TASK TO CARRY OUT: Within the entries below, output exactly the lines between the line containing "Colourful arty Learn" and the line containing "원스텝뉴스 이병희 기자", inclusive, and omit any picture.

SOURCE DATA:

^^^^^^^^^^^^^^^^

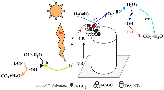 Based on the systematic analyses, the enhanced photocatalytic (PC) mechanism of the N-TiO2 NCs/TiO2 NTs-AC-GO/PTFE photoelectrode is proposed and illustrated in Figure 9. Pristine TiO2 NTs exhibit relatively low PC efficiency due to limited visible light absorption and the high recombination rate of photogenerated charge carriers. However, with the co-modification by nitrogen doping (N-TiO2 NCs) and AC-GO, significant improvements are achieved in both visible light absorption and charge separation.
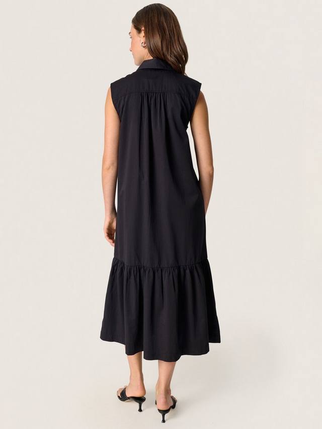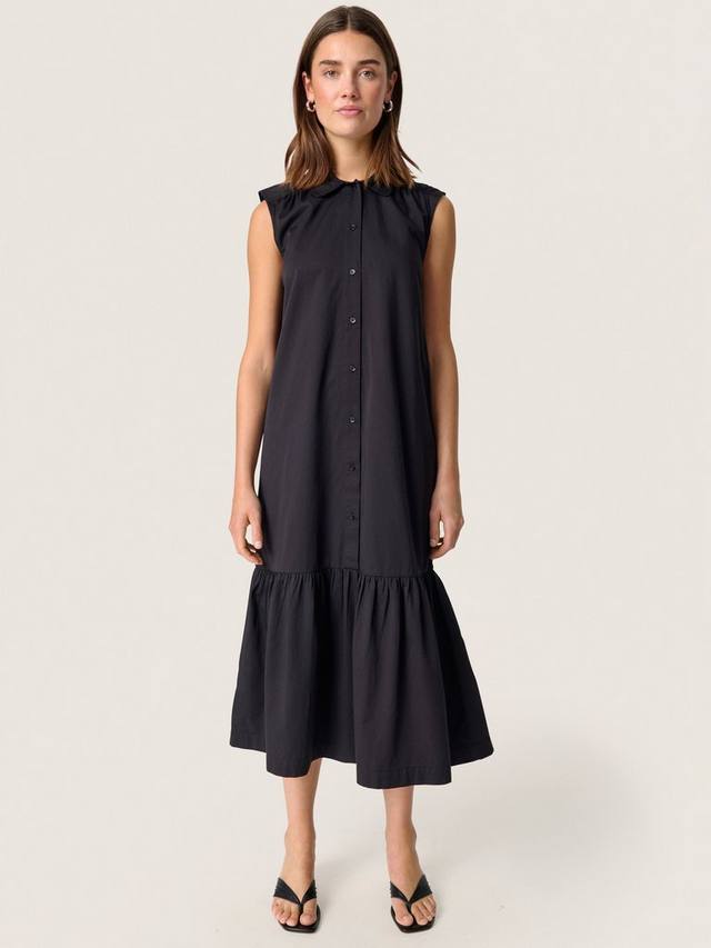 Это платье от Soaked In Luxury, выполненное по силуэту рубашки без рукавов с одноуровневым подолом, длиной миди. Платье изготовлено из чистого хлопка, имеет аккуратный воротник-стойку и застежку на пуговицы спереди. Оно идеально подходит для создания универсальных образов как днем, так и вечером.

^^^^^^^^^^^^^^^^

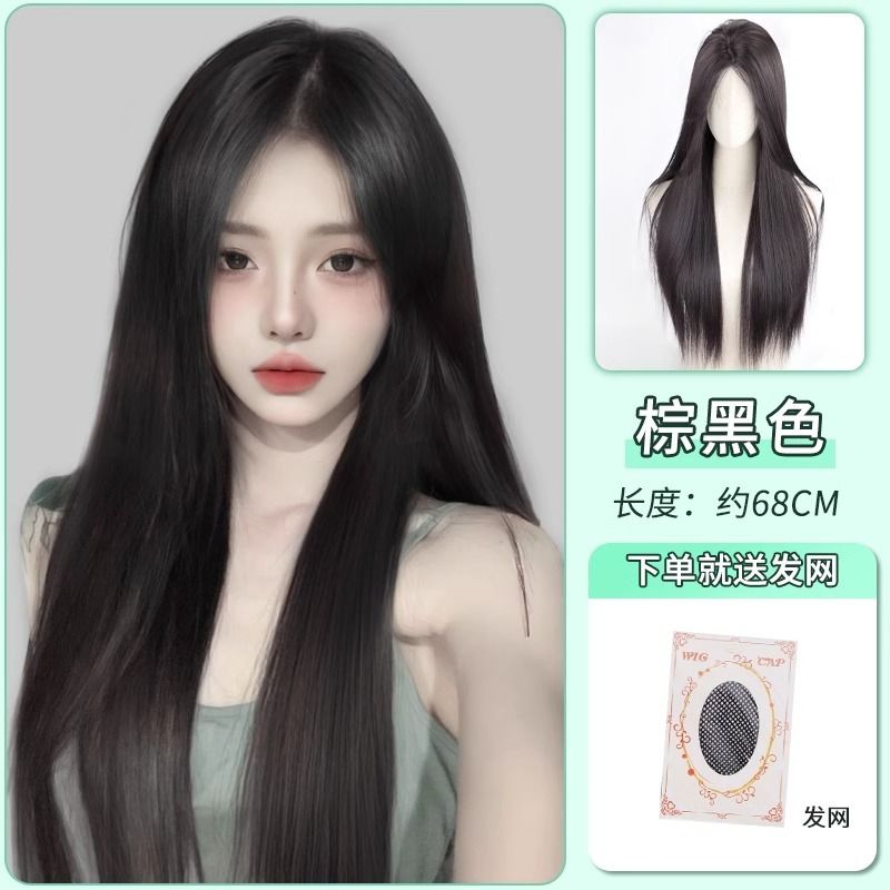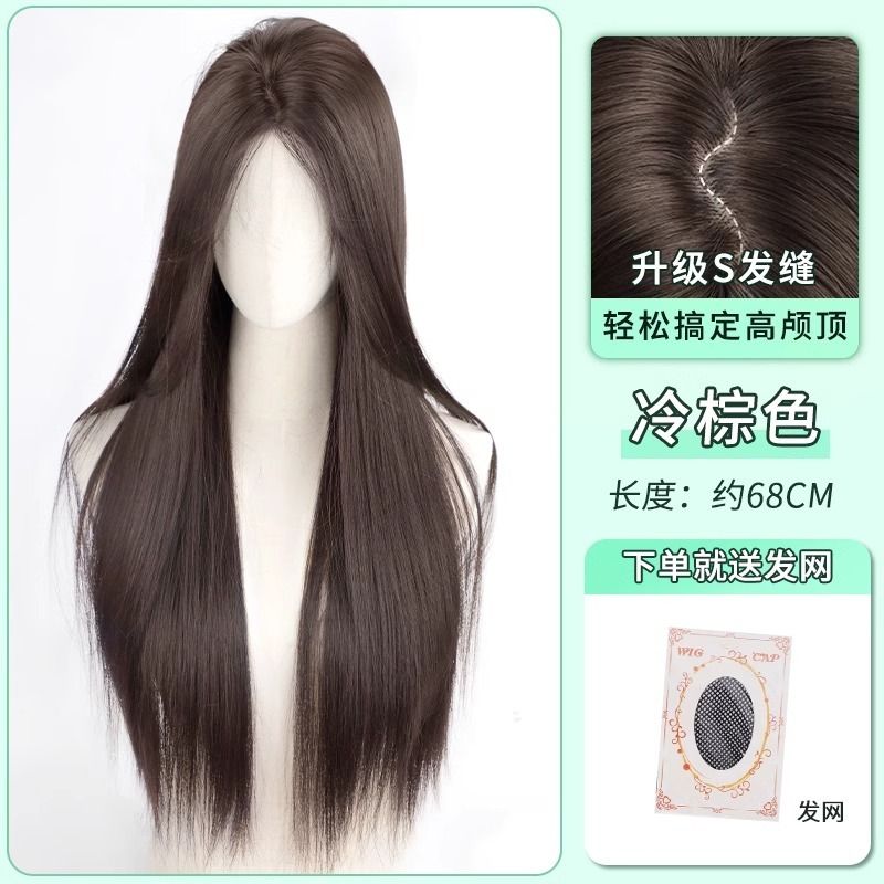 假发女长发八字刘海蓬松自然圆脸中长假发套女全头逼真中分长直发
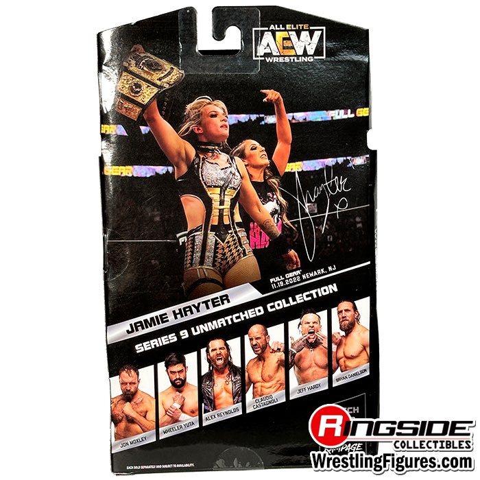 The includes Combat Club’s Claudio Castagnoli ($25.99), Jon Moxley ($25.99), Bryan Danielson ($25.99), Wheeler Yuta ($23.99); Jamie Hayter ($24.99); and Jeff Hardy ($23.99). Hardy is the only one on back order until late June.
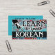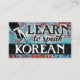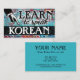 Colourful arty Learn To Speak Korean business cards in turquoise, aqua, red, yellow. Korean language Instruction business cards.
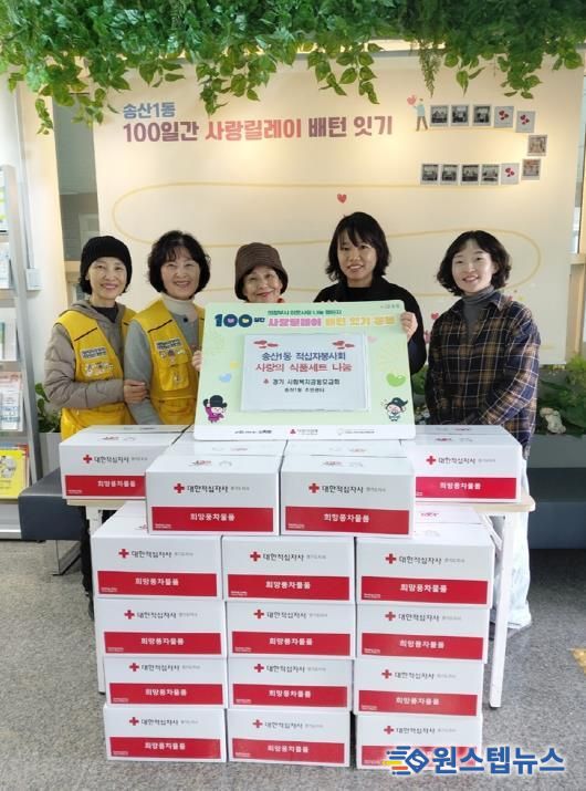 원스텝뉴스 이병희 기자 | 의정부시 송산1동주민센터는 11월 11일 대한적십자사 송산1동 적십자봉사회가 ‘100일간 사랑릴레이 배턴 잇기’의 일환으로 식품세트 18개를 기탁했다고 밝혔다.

^^^^^^^^^^^^^^^^

RESULT BELOW:
 Colourful arty Learn To Speak Korean business cards in turquoise, aqua, red, yellow. Korean language Instruction business cards.
 원스텝뉴스 이병희 기자 | 의정부시 송산1동주민센터는 11월 11일 대한적십자사 송산1동 적십자봉사회가 ‘100일간 사랑릴레이 배턴 잇기’의 일환으로 식품세트 18개를 기탁했다고 밝혔다.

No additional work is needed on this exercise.